Task brief =
Could you restate, exactly and with nothing added, the lines from the start of the data through the line that holds "另一套平口珠飾流蘇粉色小禮服", leaving the pictures out?

Given information =
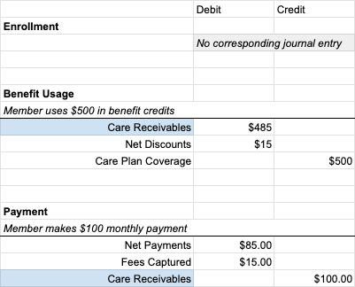 - Debit your Care Receivables account by the amount shown in Benefit Usage section labeled “Deferred Revenue”
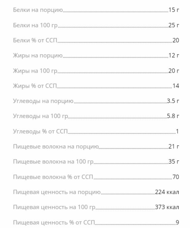 | Энергетическая ценность на 100 г | содержание белков в 100 г: 25 г; содержание жиров в 100 г: 18.4 г; содержание углеводов в 100 г: 4.7 г; калорийность 100 г: 325 ккал |
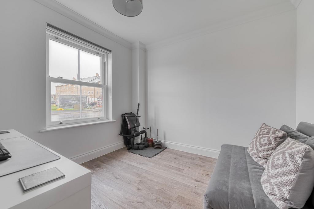 The top floor is dedicated to rest, offering three well-proportioned bedrooms that promise comfort and privacy. Two bedrooms benefit from built-in wardrobes, while the principal suite features its own private en-suite. A contemporary family bathroom completes this floor, showcasing sleek finishes and a calming atmosphere.
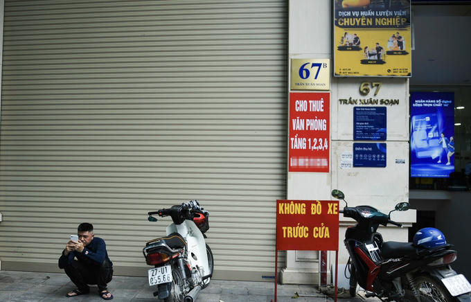 Tại phố Huế với tòa nhà có diện tích khá rộng cũng treo biển rao cho thuê. Theo ông Hùng, bảo vệ tòa nhà bên cạnh cho hay, thời gian gần đây, nhiều người cũng đến hỏi thuê nhưng chủ yếu là môi giới vì thế chủ nhà ở đây đã từ chối.
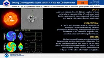 I dati raccolti dai coronografi del NOAA e dell’osservatorio solare SOHO indicano un “full-halo CME”, ovvero una CME che si espande in tutte le direzioni, tipica dei fenomeni diretti verso la Terra. Le simulazioni del Goddard Space Flight Center della NASA confermano che una parte significativa della nube è sulla traiettoria del nostro pianeta, con un impatto atteso tra le prime ore del mattino e mezzogiorno del 9 dicembre.
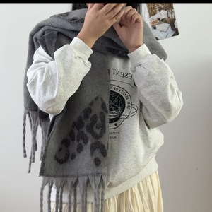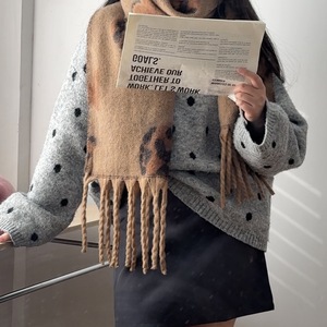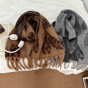 复古老钱风豹纹流苏围巾女2025秋冬新款加厚披肩保暖高级感围脖男
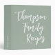 Custom Script Modern Family Recipes 3 Ring Binder in Dusty Sage Green
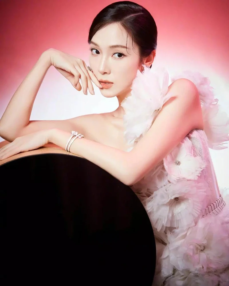 另一套平口珠飾流蘇粉色小禮服,定價在53萬台幣上下,飄逸的群襬展現出Jisoo滿滿仙氣的形象。
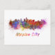 Mexico City skyline in watercolor splatters with clipping path
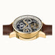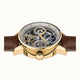 The star feature of The Jazz Watch is the skeleton dial that gives you a great view of the inner workings of this modern timepiece. There's also three sub dials that display 24-hour time and a sun/moon indicator. The brown leather strap is a luxurious and comfortable finishing touch.
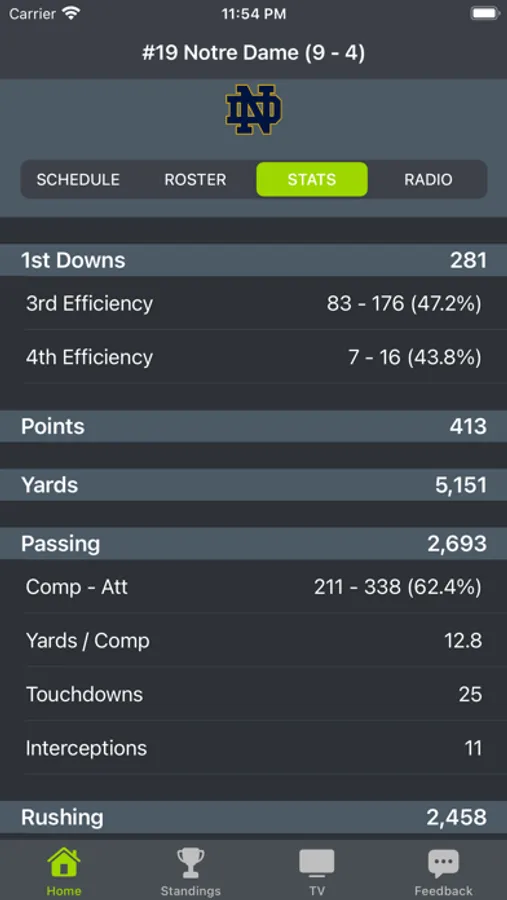 Notre Dame Football provides scores, links to live radio, schedules, tv channels, player profiles, and game matchups in one location.
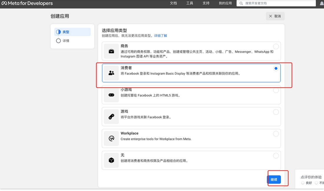 在應用類型中,我們選擇“消費者”,然后點擊“繼續(xù)”(請看下圖)
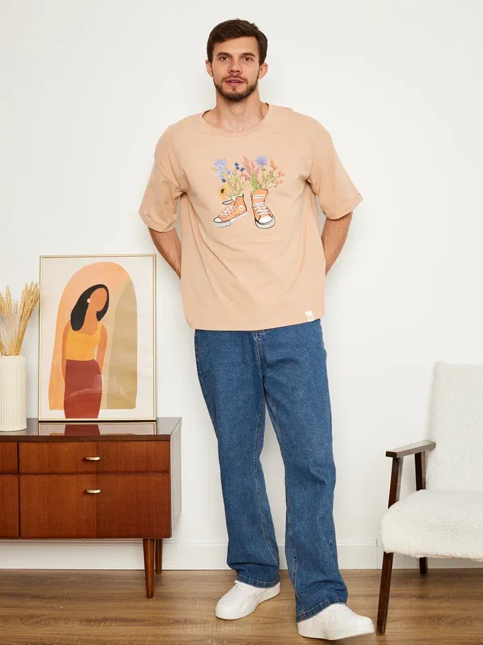 МУЖСКАЯ ФУТБОЛКА БЕЖЕВЫЙ "ЦВЕТОЧНЫЕ КЕДЫ"
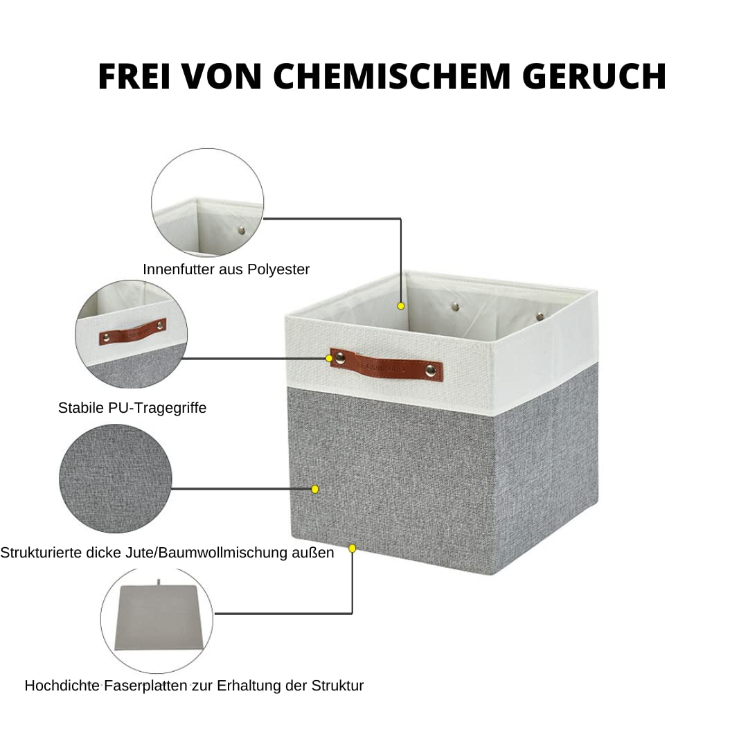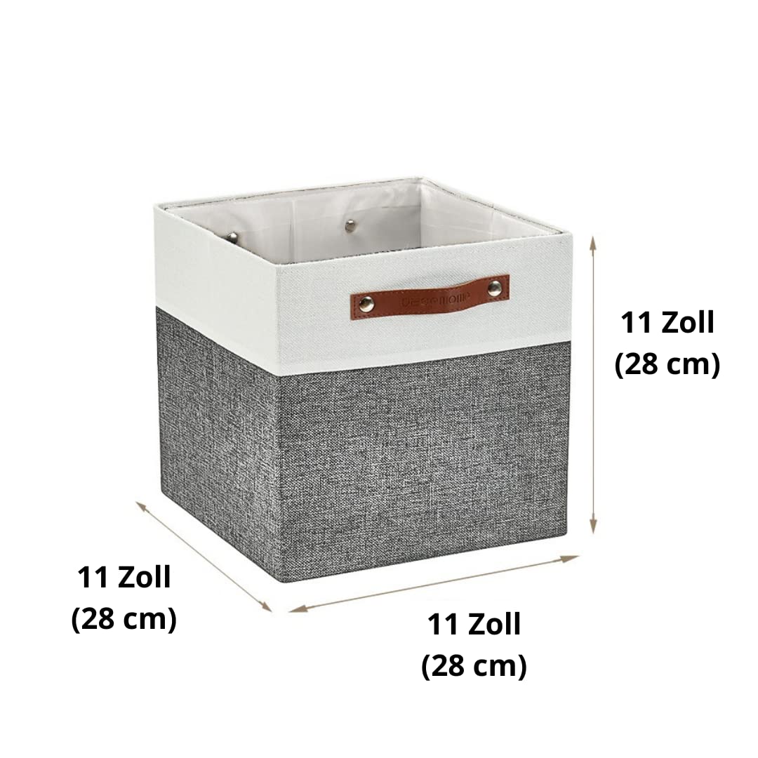 DECOMOMO faltbare Aufbewahrungskorb | robuster Stoffkorb mit Griffen für die Organisation von Regal, Kinderzimmer, Spielzeug, Schrank (Gray and white, 28cm – 4 Stück)
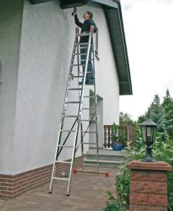 Zweiteilige, Aluminium-Mehrzweckleiter als Steh-, Anlege- und Schiebeleiter einsetzbar.
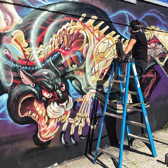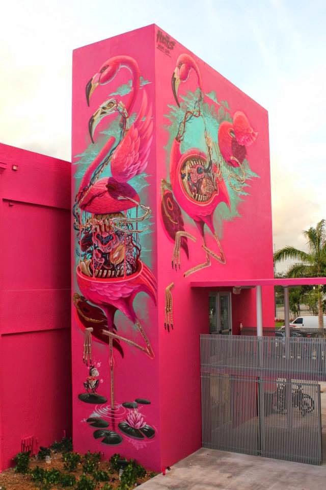 As usual with the Austrian street artist, he quickly painted two technically impeccable artworks which are showing the insides of a Panther and a Flamingo..
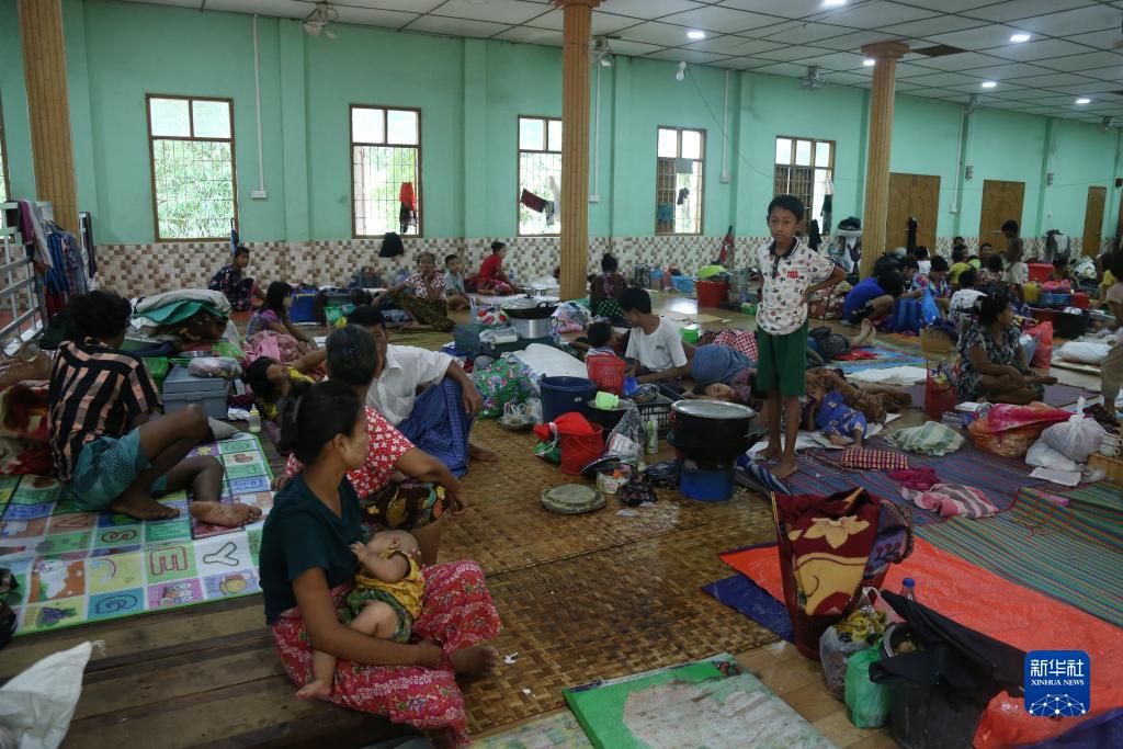 8月12日,人們在緬甸勃固省一處洪災安置點(diǎn)休息。新華社發(fā)(苗覺(jué)梭攝)
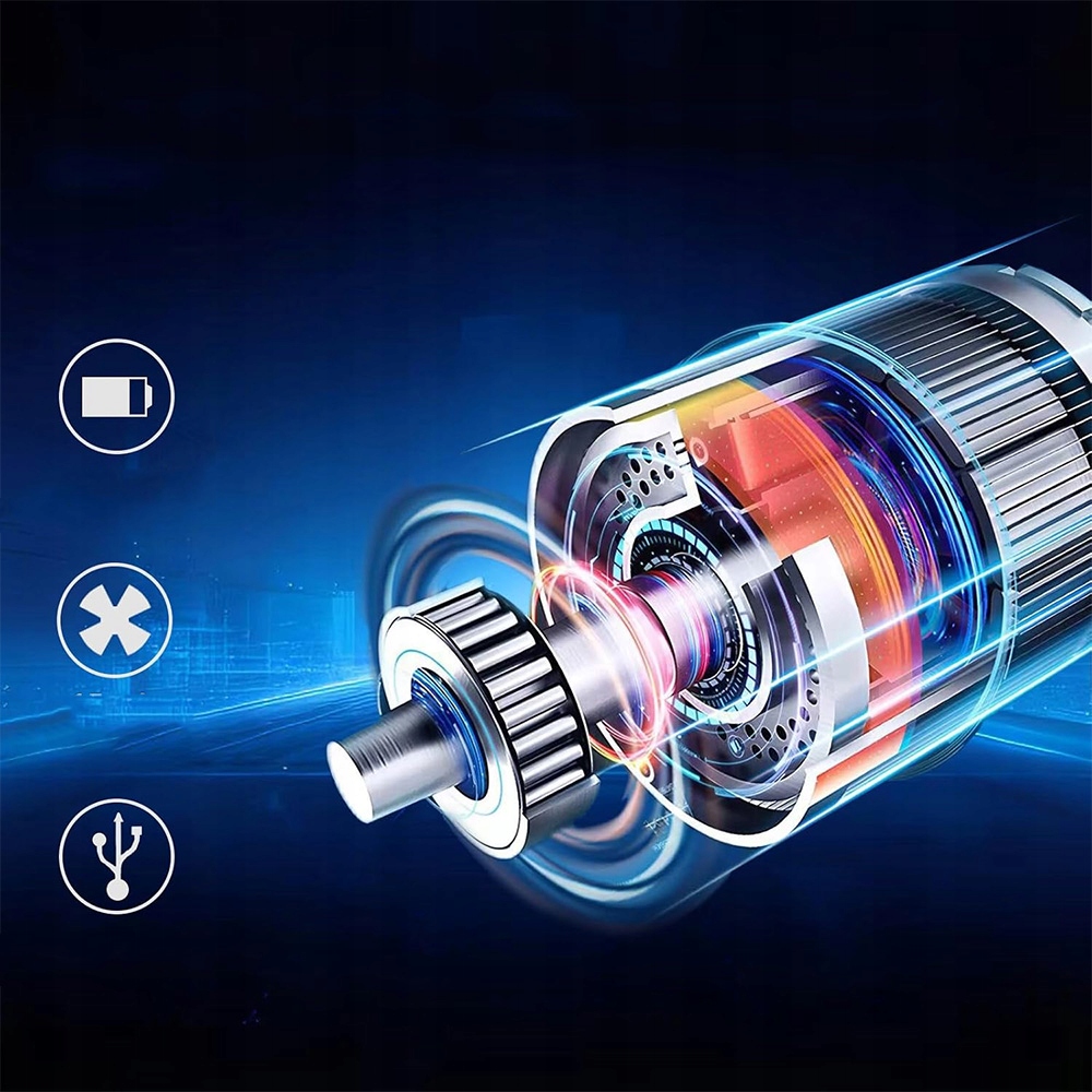 Портативный пылесос оснащен Турбинный двигатель, мощные двойные воздушные каналы, высокая скорость 65000R, сильное всасывание 2500-3500 Па, эффективно и быстро всасывает грязь, волосы домашних животных и другие сухие загрязнения под сиденьем, офисным ковром или кухонными углами.
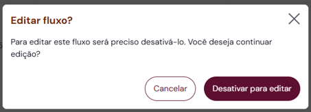 Passo 1: Caso o fluxo que deseja incluir uma etapa de aprovação esteja ativado, será necessário desativá-lo.
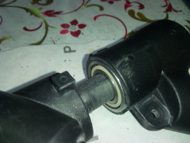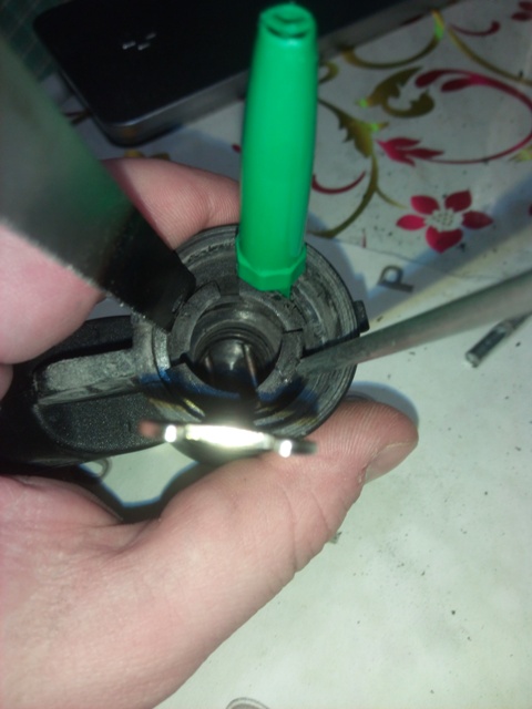 .Далее начинаем работать с вилкой. Внутренний диаметр подшипника 17,7, диаметр пластиковой втулки пальца примерно 18. Шкуркой утоньшаем палец до того, чтобы на него плотно насаживался подшипник. Упор в нижней части пальца тоже надо убирать, я его срезал ножовкой и потом доводил надфилем и шкуркой до круглой формы.
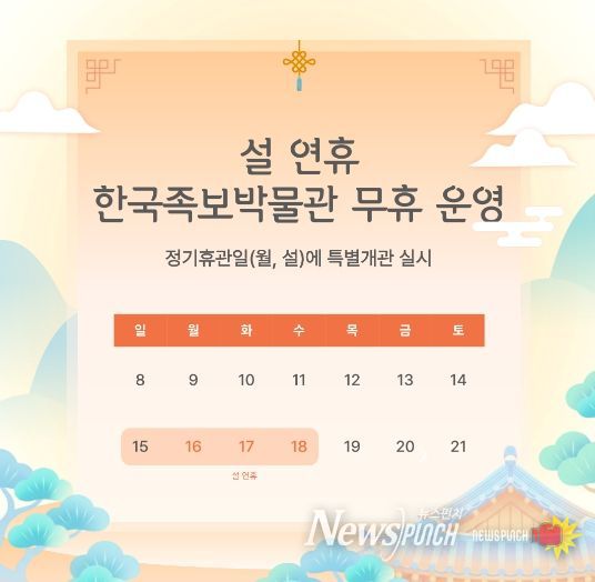 뉴스펀치 이현승 기자 | 대전 중구 한국족보박물관에서는 2026년 설 연휴 기간인 오는 14일부터 18일까지 5일간 휴관 없이 정상 운영한다고 밝혔다.
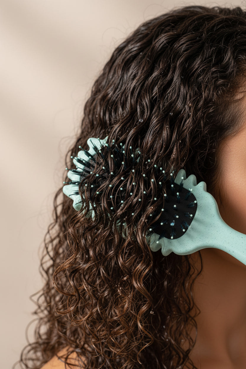 No. Its wide, rounded teeth glide smoothly through the hair, helping reduce breakage while preserving the natural curl pattern.
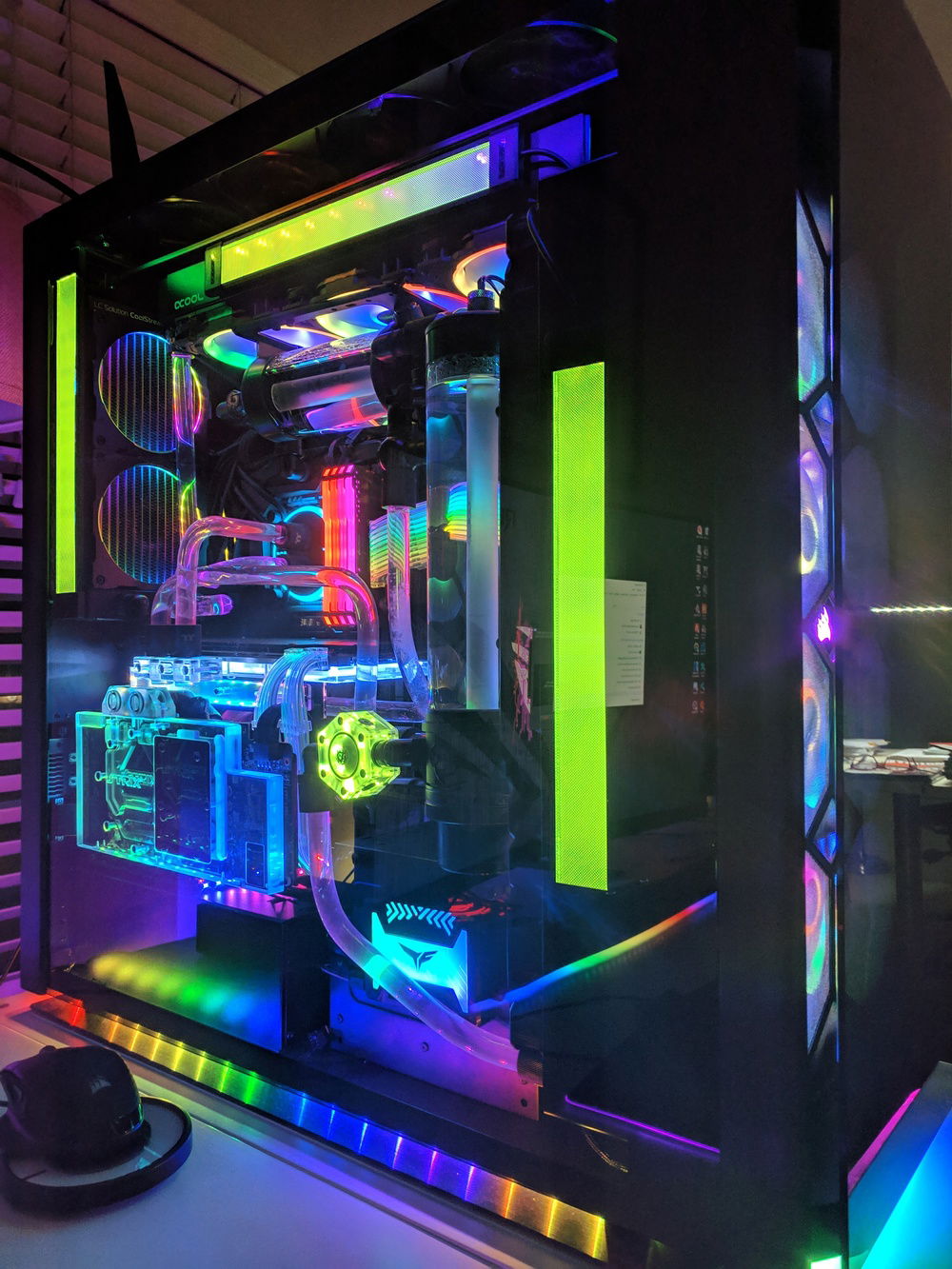 The fittings have RGB rings inside to illuminate the PETG tubes. Uses 2 x 480mm EKWB XE-480s, an Alphacool XT45 X-Flow 420mm rad, and an EKWB 240mm SE-240 rad from Austria. Both systems are full water cooled loops.
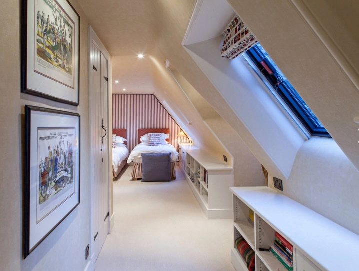 لن يكون ارتفاع مثل هذه البنية الفوقية كبيرًا. من المهم التفكير في مشروع العلية العجاف. المستوى المائل له حد أقصى وأدنى ارتفاع. بفضل التصميم الناجح ، يمكن للغرفة أن تتحول بسهولة إلى غرفة معيشة مريحة. من الممكن أيضًا أن تكون هناك خيارات أخرى لتقسيم المساحة تحت سقف مائل ، ولكن يجب أن يؤخذ ذلك في الاعتبار لا يمكن استخدام معظم المساحة الموجودة تحت السقف – ستكون منخفضة جدًا.
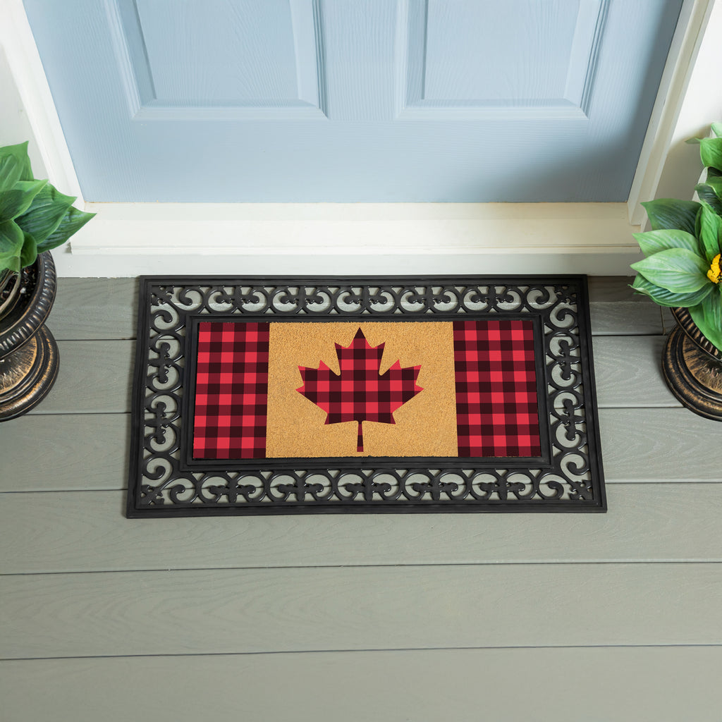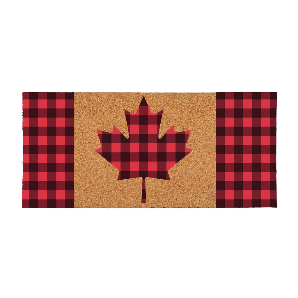 Canada Strong Maple Leaf Flocked Coir Sassafras Switch Mat, Buffalo Check, 22"x10"
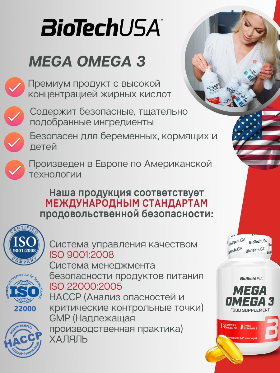 Жирные омега кислоты Омега-3 Biotech USA Mega Omega 3 90 капс.

Solution to this exercise =
 - Debit your Care Receivables account by the amount shown in Benefit Usage section labeled “Deferred Revenue”
 | Энергетическая ценность на 100 г | содержание белков в 100 г: 25 г; содержание жиров в 100 г: 18.4 г; содержание углеводов в 100 г: 4.7 г; калорийность 100 г: 325 ккал |
 The top floor is dedicated to rest, offering three well-proportioned bedrooms that promise comfort and privacy. Two bedrooms benefit from built-in wardrobes, while the principal suite features its own private en-suite. A contemporary family bathroom completes this floor, showcasing sleek finishes and a calming atmosphere.
 Tại phố Huế với tòa nhà có diện tích khá rộng cũng treo biển rao cho thuê. Theo ông Hùng, bảo vệ tòa nhà bên cạnh cho hay, thời gian gần đây, nhiều người cũng đến hỏi thuê nhưng chủ yếu là môi giới vì thế chủ nhà ở đây đã từ chối.
 I dati raccolti dai coronografi del NOAA e dell’osservatorio solare SOHO indicano un “full-halo CME”, ovvero una CME che si espande in tutte le direzioni, tipica dei fenomeni diretti verso la Terra. Le simulazioni del Goddard Space Flight Center della NASA confermano che una parte significativa della nube è sulla traiettoria del nostro pianeta, con un impatto atteso tra le prime ore del mattino e mezzogiorno del 9 dicembre.
 复古老钱风豹纹流苏围巾女2025秋冬新款加厚披肩保暖高级感围脖男
 Custom Script Modern Family Recipes 3 Ring Binder in Dusty Sage Green
 另一套平口珠飾流蘇粉色小禮服,定價在53萬台幣上下,飄逸的群襬展現出Jisoo滿滿仙氣的形象。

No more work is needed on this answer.